Re: [PATCH] arm64: implement raw_smp_processor_id() using thread_info

From: Christoph Lameter (Ampere)
Date: Wed May 01 2024 - 12:24:07 EST


On Wed, 1 May 2024, Puranjay Mohan wrote:

Dump of assembler code for function bpf_get_smp_processor_id:
0xffff8000802cd608 <+0>: nop
0xffff8000802cd60c <+4>: nop
0xffff8000802cd610 <+8>: adrp x0, 0xffff800082138000
0xffff8000802cd614 <+12>: mrs x1, tpidr_el1
0xffff8000802cd618 <+16>: add x0, x0, #0x8
0xffff8000802cd61c <+20>: ldrsw x0, [x0, x1]
0xffff8000802cd620 <+24>: ret

In general arm64 has inefficient per cpu variable access. On x86 it is possible to access the processor id via a segment register relative access with a single instruction.

Arm64 calculates the address of a percpu variable for each access. This result in inefficiencies because:

1. The address calculation is processor specific.
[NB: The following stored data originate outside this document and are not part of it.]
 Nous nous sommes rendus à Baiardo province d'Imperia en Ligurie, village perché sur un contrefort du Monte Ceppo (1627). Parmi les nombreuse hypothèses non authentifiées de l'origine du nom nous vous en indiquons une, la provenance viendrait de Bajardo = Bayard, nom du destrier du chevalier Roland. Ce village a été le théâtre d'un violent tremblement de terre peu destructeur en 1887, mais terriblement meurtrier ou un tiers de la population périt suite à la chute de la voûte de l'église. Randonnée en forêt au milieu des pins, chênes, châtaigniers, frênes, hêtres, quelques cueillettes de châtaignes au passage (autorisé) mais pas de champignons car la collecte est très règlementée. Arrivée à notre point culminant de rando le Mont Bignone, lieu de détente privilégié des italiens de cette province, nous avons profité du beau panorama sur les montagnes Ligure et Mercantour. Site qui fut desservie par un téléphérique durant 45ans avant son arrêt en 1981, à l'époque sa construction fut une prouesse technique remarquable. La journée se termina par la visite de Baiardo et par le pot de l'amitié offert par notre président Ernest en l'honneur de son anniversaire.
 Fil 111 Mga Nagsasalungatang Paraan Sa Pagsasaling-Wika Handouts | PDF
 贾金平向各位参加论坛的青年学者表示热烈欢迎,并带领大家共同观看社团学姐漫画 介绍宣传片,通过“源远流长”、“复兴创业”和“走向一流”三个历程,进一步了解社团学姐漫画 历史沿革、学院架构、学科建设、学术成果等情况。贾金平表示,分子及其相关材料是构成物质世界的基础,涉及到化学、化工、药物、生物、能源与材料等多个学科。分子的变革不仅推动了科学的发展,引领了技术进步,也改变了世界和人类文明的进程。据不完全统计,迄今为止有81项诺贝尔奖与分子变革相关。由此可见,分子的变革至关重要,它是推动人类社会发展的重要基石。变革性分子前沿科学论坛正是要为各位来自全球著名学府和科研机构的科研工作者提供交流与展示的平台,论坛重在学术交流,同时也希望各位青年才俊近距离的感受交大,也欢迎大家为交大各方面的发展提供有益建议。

Therefore preemption needs to be disabled during the calculation of the address and while it is in use.

2. Additional registers are used causing the compiler to potentially generate less efficient code.

3. Even RMV instructions on percpu variables require the disabling of preemption due to the address calculation.

Russel King has a patchset for NUMA text replication and as part of that he introduces per cpu kernel page tables.

https://lwn.net/Articles/957023/

If we had per cpu page tables then we could create a mapping for a fixed address virtual memory range to the physical per cpu area for each cpu.

With that the address calculation would no longer be necessary for per cpu variable access and workarounds like this would not be necessary anymore.

The retrieval of the cpu id would be a single instruction that performs a load from a fixed virtual address. No preemption etc would be required.